Systematisches Monitoring fehlt

In Europa ist Bewegungsmangel weit verbreitet und die Empfehlungen der WHO werden größtenteils nicht erreicht, es fehlt jedoch ein systematisches Monitoring für regionale Vergleiche und die Analyse zeitlicher Trends. Nach eigenen Angaben treiben 42% der Europäer bzw. 29% der Deutschen über 15 Jahre nie Sport, in der Altersgruppe über 55 Jahre sind es sogar 70% der Männer und 71% der Frauen (5). Dieser Prozentsatz ist in den niedrigen Bildungsschichten und in den südeuropäischen Ländern am größten. Ähnlich sieht es mit Alltagsaktivitäten wie Gehen, Gartenarbeit oder Radfahren aus: Insgesamt geben 52% an, dies selten oder nie zu tun, wobei Frauen noch weniger aktiv sind als Männer. Nach eigenen Angaben verbringen 69% der Befragten 2,5 bis 8,5 Stunden täglich sitzend.
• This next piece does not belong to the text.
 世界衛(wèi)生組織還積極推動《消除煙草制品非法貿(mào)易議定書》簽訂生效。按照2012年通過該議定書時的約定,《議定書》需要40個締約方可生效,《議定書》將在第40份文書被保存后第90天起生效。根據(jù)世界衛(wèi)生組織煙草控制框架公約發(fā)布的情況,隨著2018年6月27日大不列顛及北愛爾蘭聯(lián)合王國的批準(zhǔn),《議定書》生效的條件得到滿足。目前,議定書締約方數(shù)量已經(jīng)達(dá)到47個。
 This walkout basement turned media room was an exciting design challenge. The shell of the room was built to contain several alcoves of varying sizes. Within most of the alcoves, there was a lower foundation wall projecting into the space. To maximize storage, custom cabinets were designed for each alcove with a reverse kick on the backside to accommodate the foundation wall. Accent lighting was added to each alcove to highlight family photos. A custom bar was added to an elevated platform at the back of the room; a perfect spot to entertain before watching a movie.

Leider geben diese Daten keine klare Auskunft über den Anteil der Bevölkerung, der die WHO-Empfehlungen zur KA erfüllt. Es geben jedoch 54% bzw. 44% an, in der zurückliegenden Woche nie intensiv bzw. moderat körperlich aktiv gewesen zu sein, so dass die Mehrheit die Empfehlungen nicht erreicht haben dürfte.
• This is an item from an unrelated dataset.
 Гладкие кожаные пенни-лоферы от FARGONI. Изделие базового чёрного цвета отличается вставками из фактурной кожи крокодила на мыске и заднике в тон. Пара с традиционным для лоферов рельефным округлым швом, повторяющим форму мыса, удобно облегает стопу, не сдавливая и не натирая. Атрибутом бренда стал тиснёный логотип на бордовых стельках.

Inzwischen gibt es eine Reihe von Studien mit Kindern, die sogar objektive Messdaten erhoben haben, von denen viele in der sogenannten International Children’s Accelerometry Database (ICAD) zusammengefasst werden konnten (3). Danach sinkt ab sechs Jahren die KA um 4,2% pro Lebensjahr, wobei Mädchen weniger aktiv sind als Jungen und sich höhere Aktivitätswerte im Norden als im Süden Europas zeigen. Dies wird durch die europäische IDEFICS-Studie von Kindern im Alter zwischen 2 und 10,9 Jahren bestätigt (7). Nur ein kleiner Teil erreicht die Empfehlungen von täglich 60 Minuten moderater bis intensiver KA. Dieser Anteil variiert bei Mädchen von 2% in Zypern bis 14,7% in Schweden und bei Jungen von 9,5% in Italien bis 34,1% in Belgien.

Diese vorliegenden Daten verdeutlichen einen erheblichen Bewegungsmangel bei Erwachsenen und Kindern, jedoch erlauben sie kaum systematische Untersuchungen von zeitlichen Trends oder regionalen Unterschieden von körperlicher Aktivität und sitzendem Verhalten. Vor allem bei Jugendlichen und Kindern mangelt es an systematischen Routineerhebungen. Wünschenswert wäre ein länderübergreifendes systematisches Monitoring mit einheitlicher und valider Methodik, das es bisher – mit unterschiedlicher Qualität – nur in wenigen europäischen Ländern gibt.

Determinanten von Bewegungsmangel

Eine wirksame Prävention zur Verringerung des Bewegungsmangels muss an den Determinanten von körperlicher Aktivität und sitzendem Lebensstil ansetzen. Verhaltensorientierte Interventionen zur Förderung von KA, die mit vertretbarem Aufwand auf breiter Bevölkerungsebene eingesetzt werden können, haben nur geringe Erfolge gezeigt. Daher setzt sich die Erkenntnis durch, dass Interventionen an den vorgelagerten (upstream) Determinanten von Bewegungsmangel ansetzen sollten, statt in Aufklärungskampagnen und Appellen zur Verhaltensänderung stecken zu bleiben. Dieser Paradigmenwechsel hin zu einer verhältnisorientierten Prävention erfordert gesicherte Erkenntnisse, welche Determinanten veränderbar und einer Intervention zugänglich sind.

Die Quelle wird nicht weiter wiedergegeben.